W obliczu spadku popularności Internetu Valve zmienia kierunek rozwoju Deadlock
Liczba graczy w Deadlock spada, Valve dostosowuje strategię rozwoju
Deadlock, strzelanka MOBA firmy Valve, odnotowała dramatyczny spadek liczby graczy, a maksymalna liczba graczy online sięga obecnie zaledwie 20 000. W odpowiedzi Valve ogłosiło znaczącą zmianę w swoim podejściu do rozwoju.
Poprzednio dwutygodniowy harmonogram aktualizacji zostaje porzucony na rzecz bardziej elastycznego systemu. Główne aktualizacje nie będą już miały ustalonego harmonogramu, co da programistom więcej czasu na wdrożenie i udoskonalenie zmian. Zdaniem twórcy powinno to zaowocować bardziej istotnymi i dopracowanymi aktualizacjami. Regularne poprawki będą jednak kontynuowane w razie potrzeby.
Obraz: discord.gg
Twórcy przyznali, że poprzedni dwutygodniowy cykl, choć pomocny, nie zapewnił wystarczającej ilości czasu na kompleksowe testowanie i wdrożenie. To spowodowało zmianę strategiczną.

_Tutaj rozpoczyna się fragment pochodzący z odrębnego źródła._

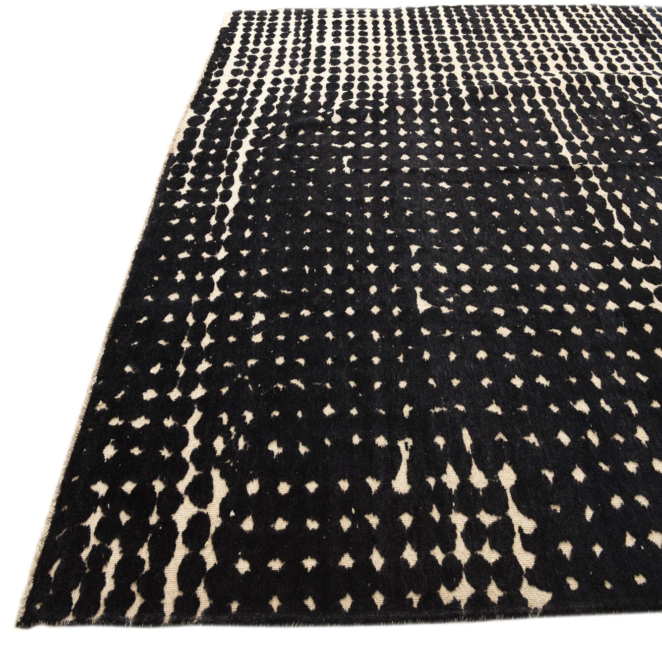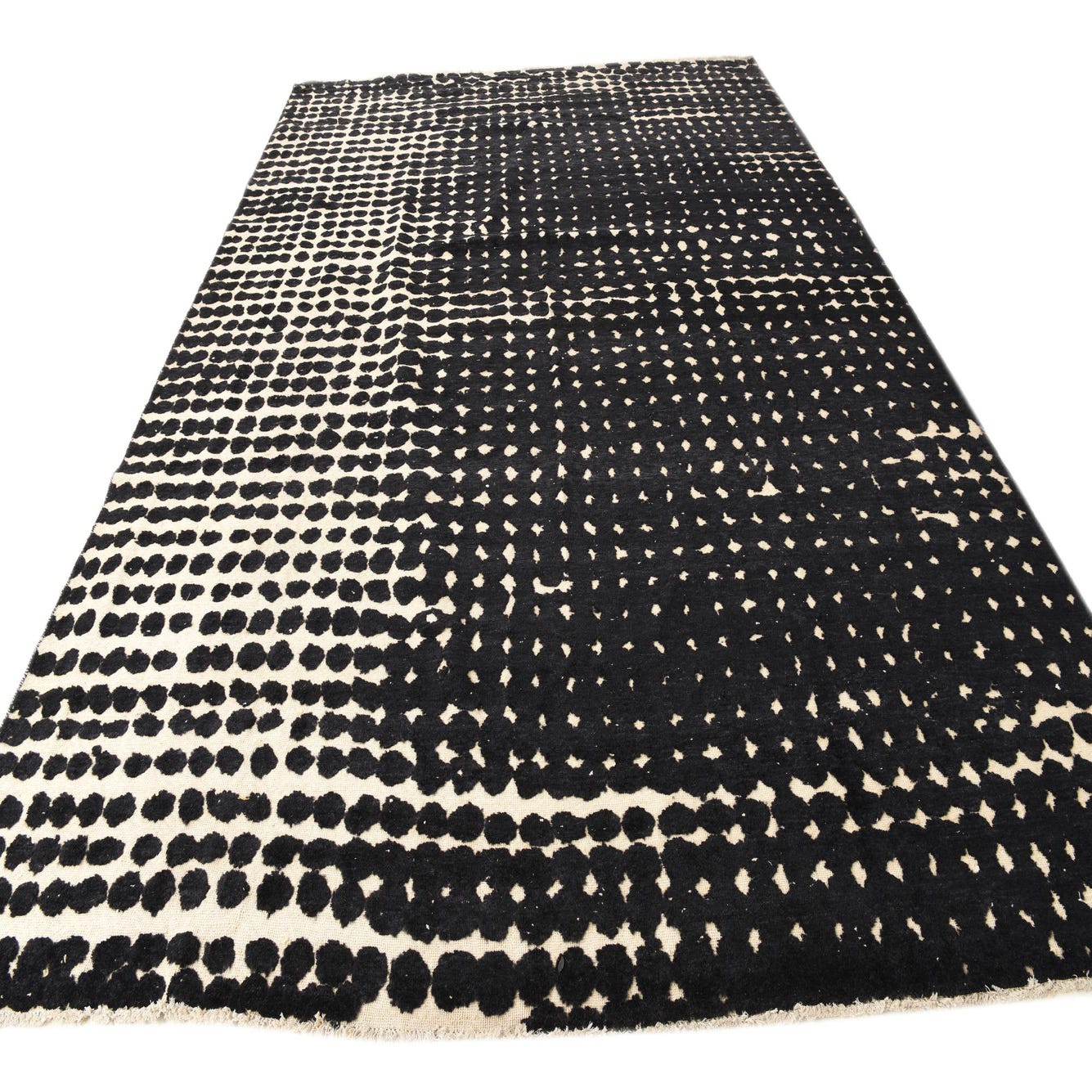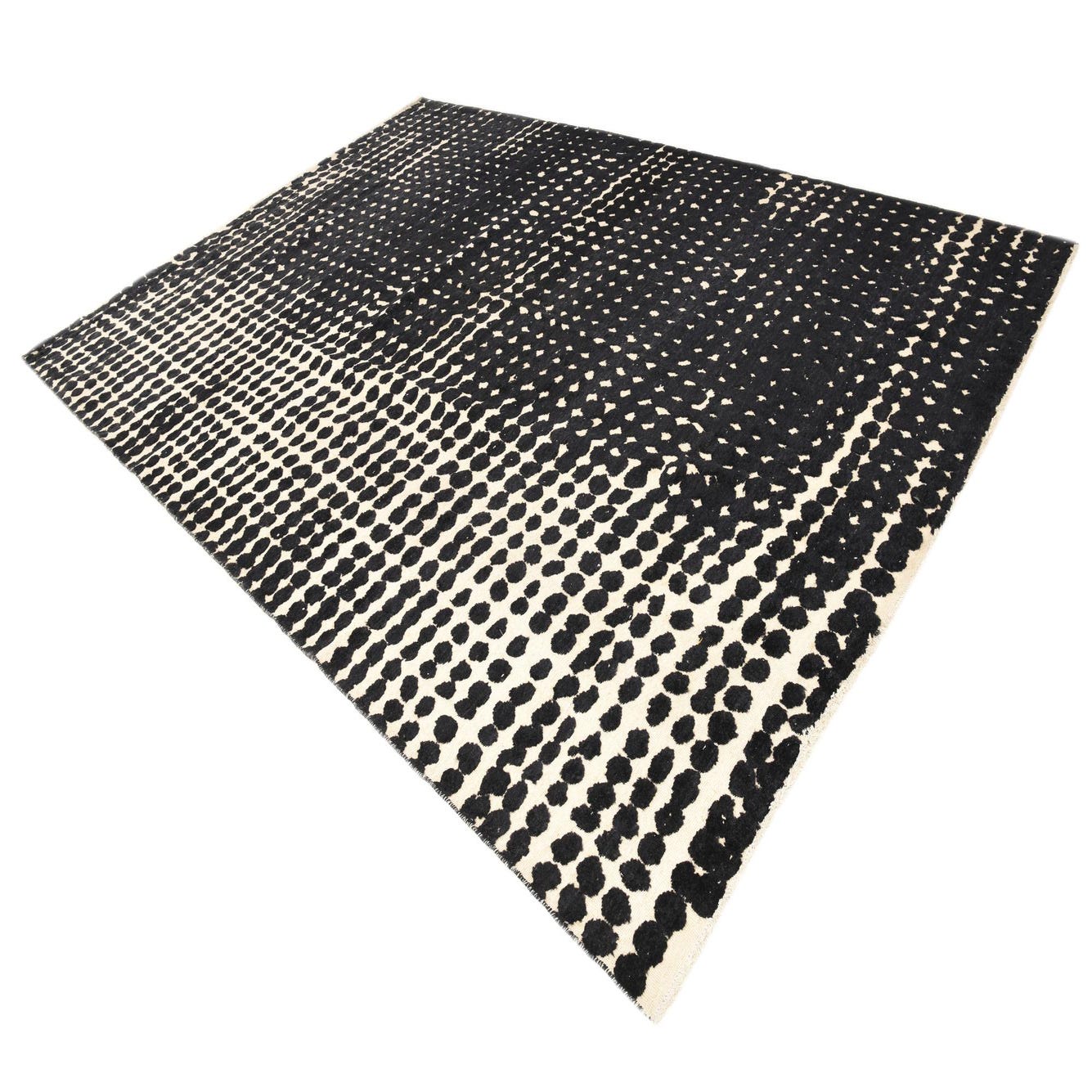 A 10x14 rectangular Darya rug with a modern black and cream dotted pattern, handmade from wool.

Baza graczy Deadlock doświadczyła znacznego spadku, z ponad 170 000 graczy jednocześnie do obecnego zakresu 18 000–20 000.
Pomimo tego spadku przyszłość gry niekoniecznie jest zagrożona. Wciąż na wczesnym etapie rozwoju i bez ustalonej daty premiery, premiera w 2025 roku lub później jest całkowicie możliwa, zwłaszcza biorąc pod uwagę widoczne skupienie się Valve na nowym tytule Half-Life.
Strategia Valve przedkłada jakość nad szybkość, zakładając, że doskonały produkt w naturalny sposób przyciągnie graczy i przychody. Podejście to odzwierciedla ewolucję cyklu rozwoju Dota 2, który również odszedł od częstych aktualizacji. Nie należy zatem interpretować tej zmiany jako przejawu obaw o długoterminowe perspektywy gry.